**WORK INSTRUCTIONS:**
Each line of the data must reappear exactly in your answer, with no images included.

**INPUT DATA:**
◇ ◇ ◇ ◇ ◇ ◇ ◇

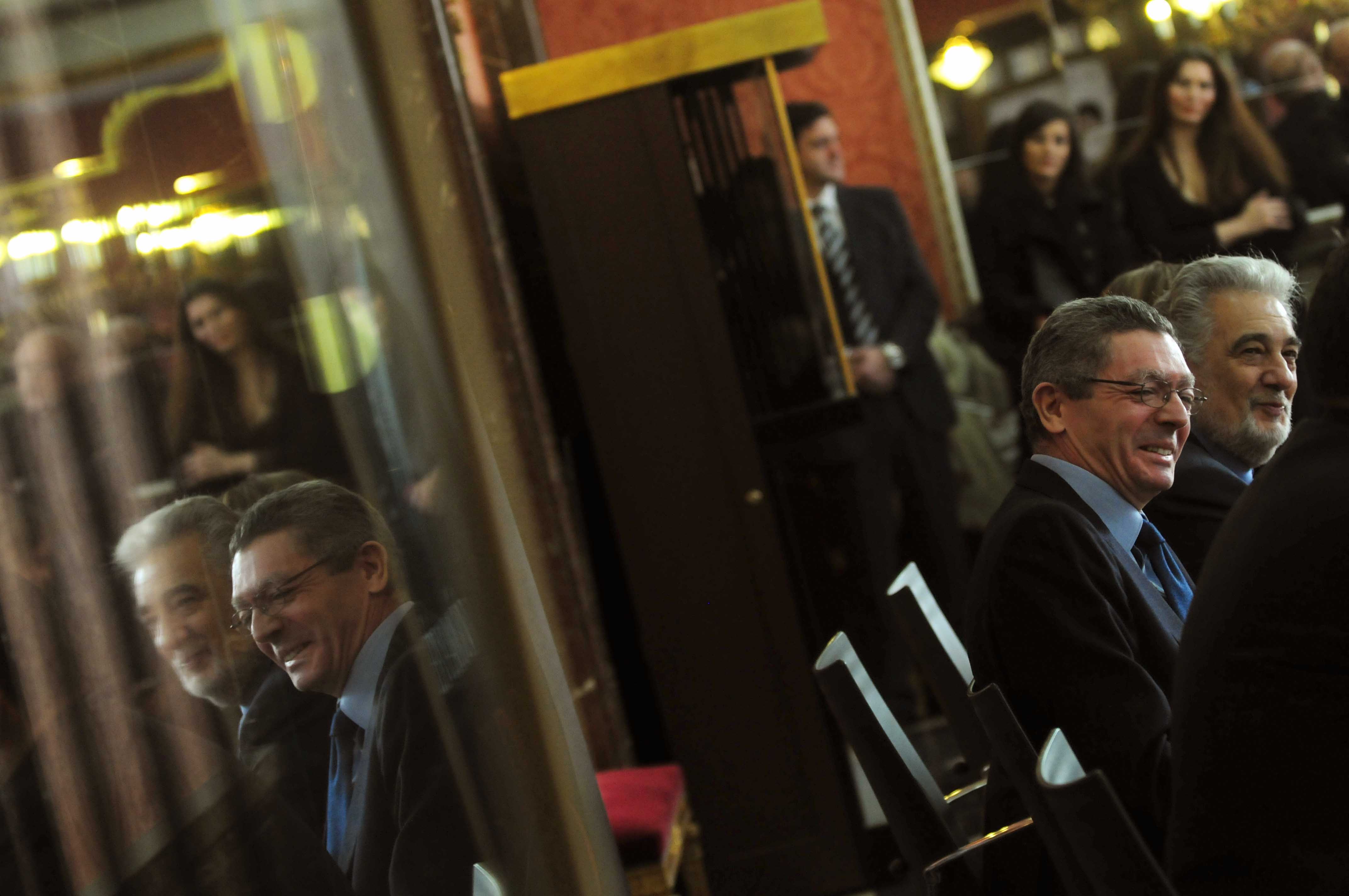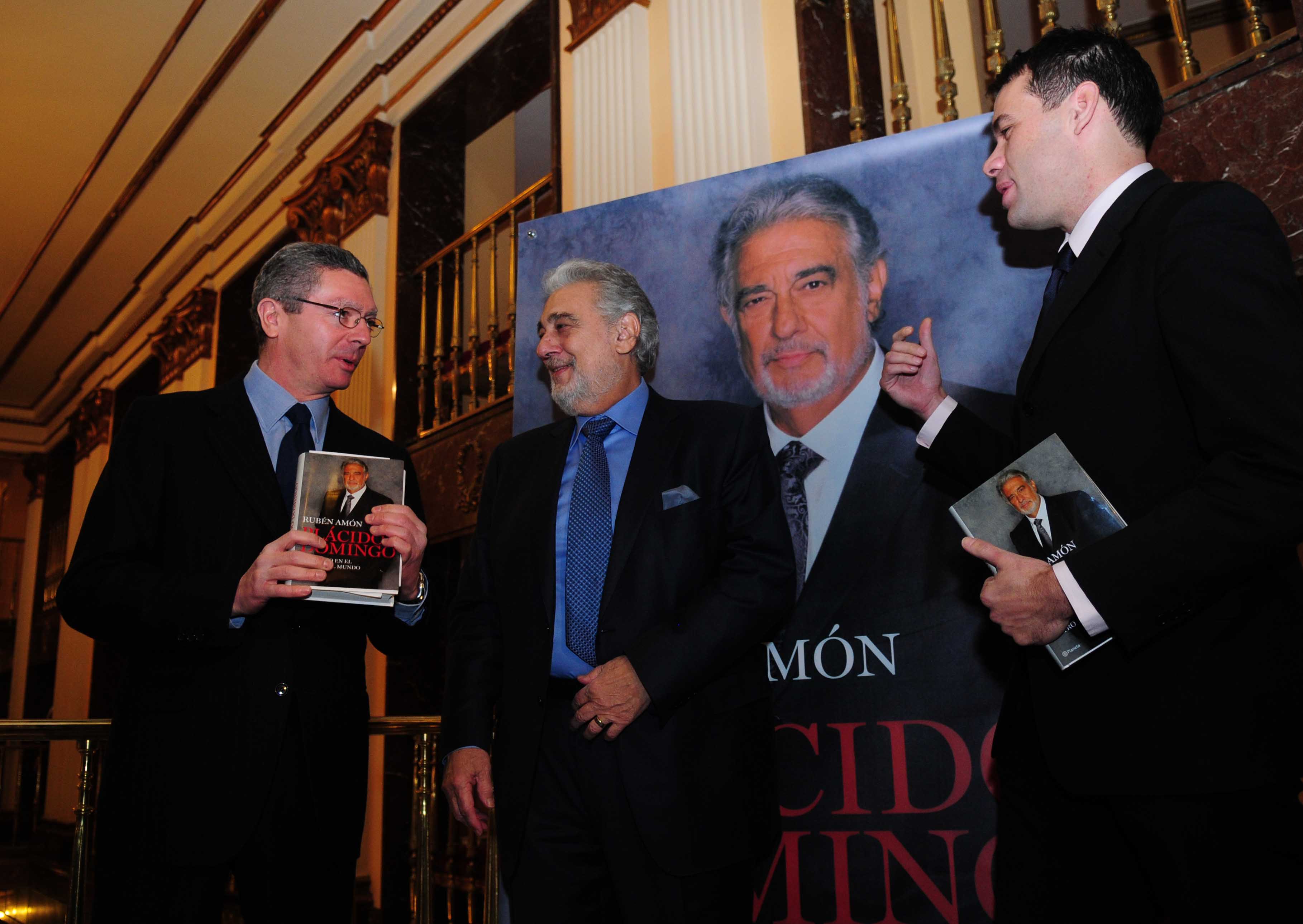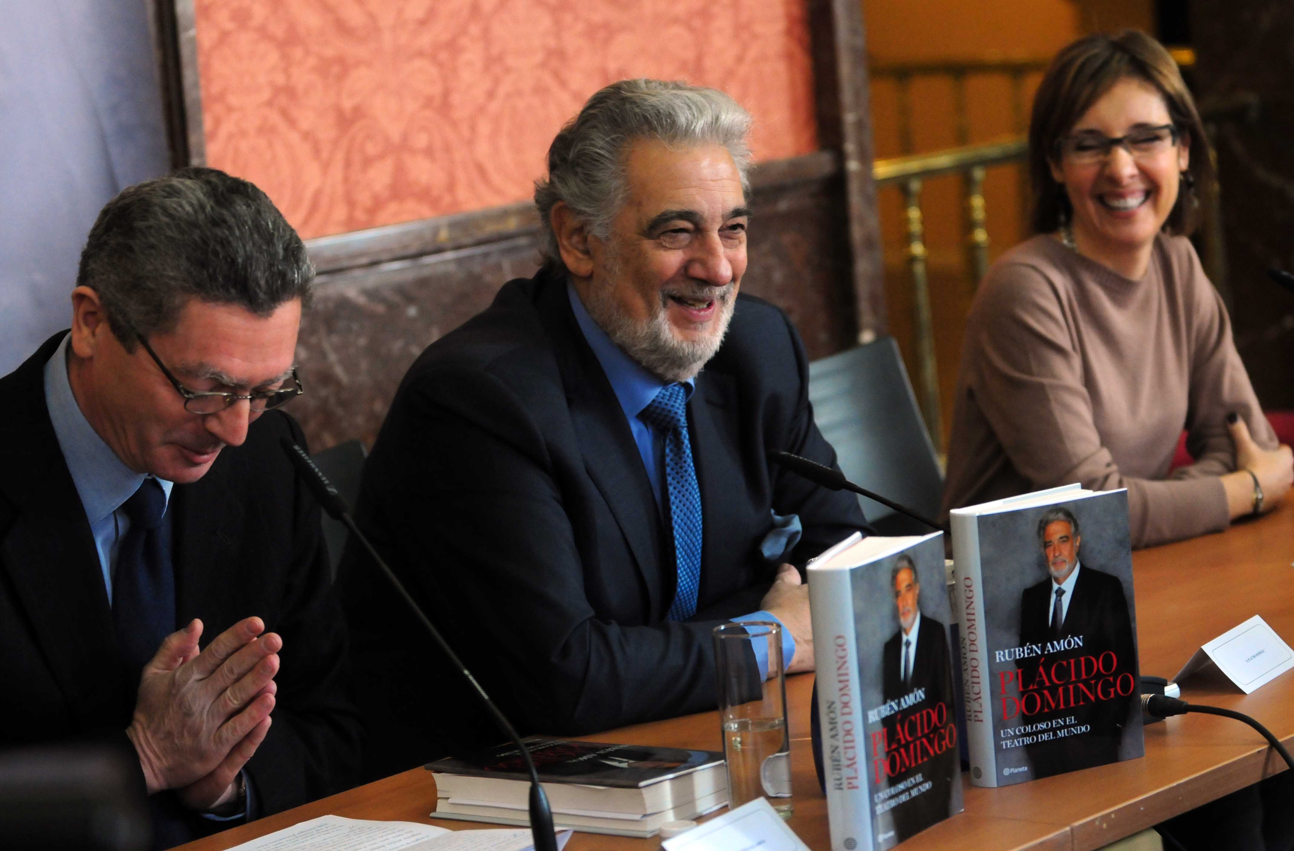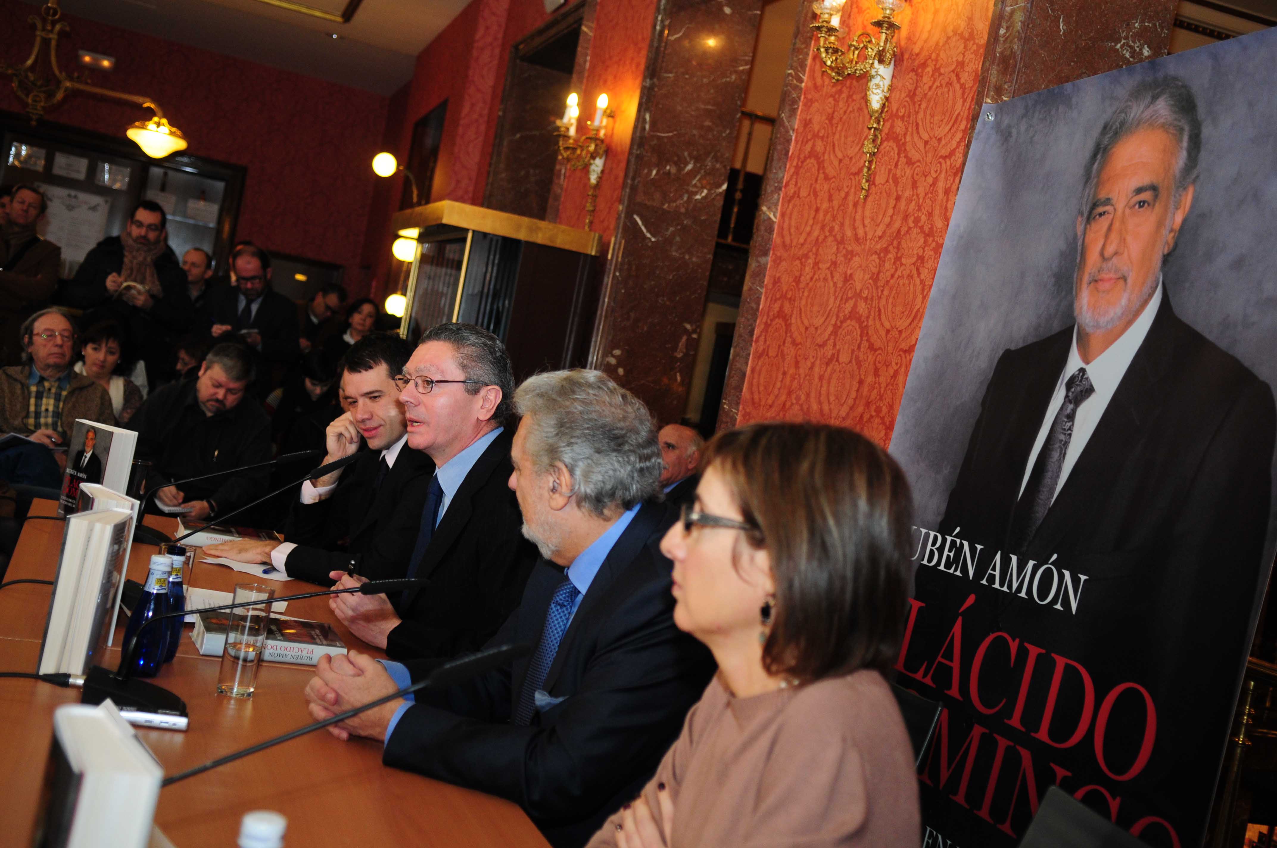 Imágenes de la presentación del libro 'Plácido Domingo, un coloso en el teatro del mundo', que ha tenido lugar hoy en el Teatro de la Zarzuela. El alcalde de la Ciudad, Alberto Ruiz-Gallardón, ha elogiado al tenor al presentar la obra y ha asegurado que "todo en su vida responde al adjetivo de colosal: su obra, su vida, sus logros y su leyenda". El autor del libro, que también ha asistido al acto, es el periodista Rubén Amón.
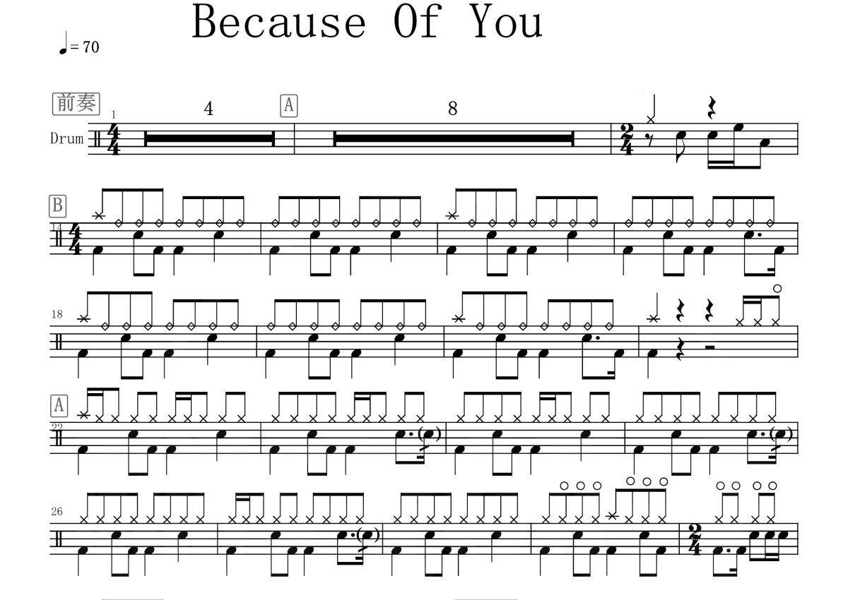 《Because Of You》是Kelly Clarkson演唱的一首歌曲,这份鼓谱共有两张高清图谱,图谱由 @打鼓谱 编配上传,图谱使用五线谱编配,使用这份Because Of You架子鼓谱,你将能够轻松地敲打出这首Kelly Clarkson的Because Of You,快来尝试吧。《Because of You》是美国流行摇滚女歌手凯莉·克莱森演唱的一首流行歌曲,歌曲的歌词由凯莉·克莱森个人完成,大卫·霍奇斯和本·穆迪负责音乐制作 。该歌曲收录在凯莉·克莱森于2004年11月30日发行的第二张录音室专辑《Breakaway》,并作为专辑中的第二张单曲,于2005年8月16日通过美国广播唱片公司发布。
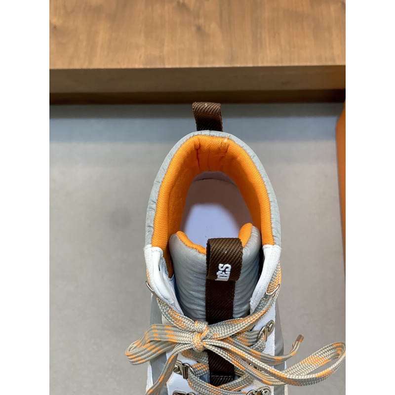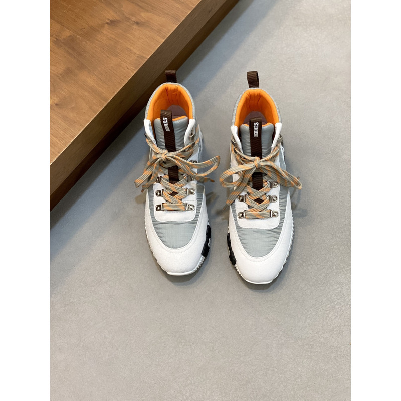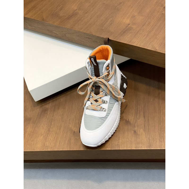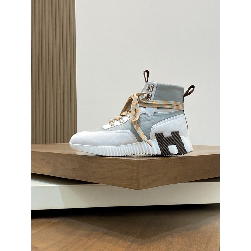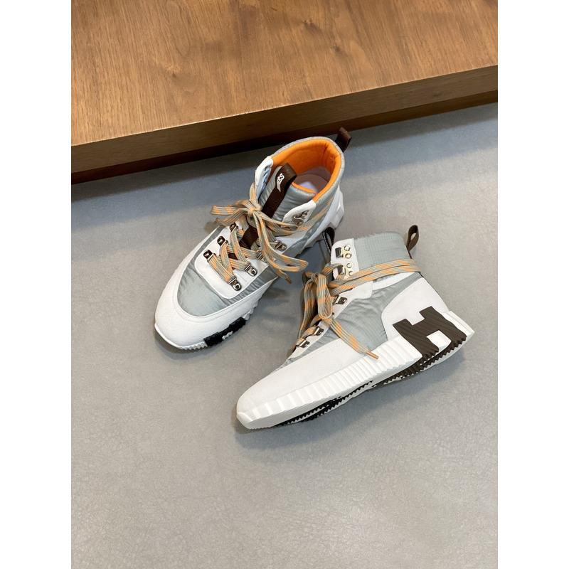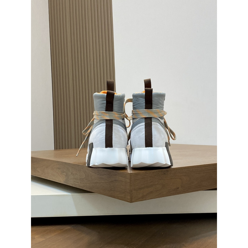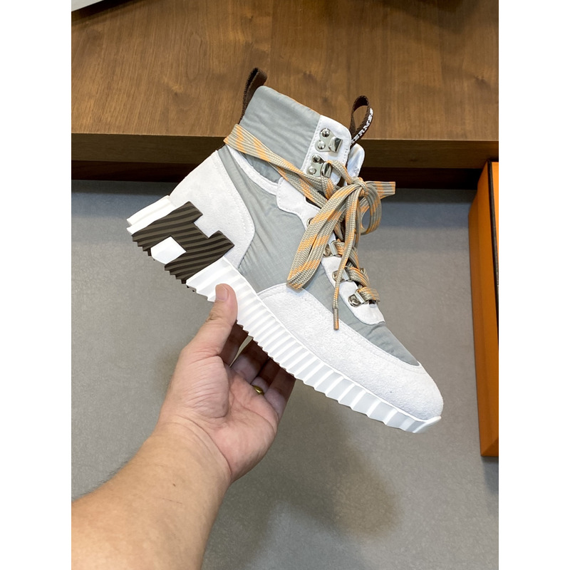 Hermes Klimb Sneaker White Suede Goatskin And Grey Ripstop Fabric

◇ ◇ ◇ ◇ ◇ ◇ ◇

**TASK RESPONSE:**
 Imágenes de la presentación del libro 'Plácido Domingo, un coloso en el teatro del mundo', que ha tenido lugar hoy en el Teatro de la Zarzuela. El alcalde de la Ciudad, Alberto Ruiz-Gallardón, ha elogiado al tenor al presentar la obra y ha asegurado que "todo en su vida responde al adjetivo de colosal: su obra, su vida, sus logros y su leyenda". El autor del libro, que también ha asistido al acto, es el periodista Rubén Amón.
 《Because Of You》是Kelly Clarkson演唱的一首歌曲,这份鼓谱共有两张高清图谱,图谱由 @打鼓谱 编配上传,图谱使用五线谱编配,使用这份Because Of You架子鼓谱,你将能够轻松地敲打出这首Kelly Clarkson的Because Of You,快来尝试吧。《Because of You》是美国流行摇滚女歌手凯莉·克莱森演唱的一首流行歌曲,歌曲的歌词由凯莉·克莱森个人完成,大卫·霍奇斯和本·穆迪负责音乐制作 。该歌曲收录在凯莉·克莱森于2004年11月30日发行的第二张录音室专辑《Breakaway》,并作为专辑中的第二张单曲,于2005年8月16日通过美国广播唱片公司发布。
 Hermes Klimb Sneaker White Suede Goatskin And Grey Ripstop Fabric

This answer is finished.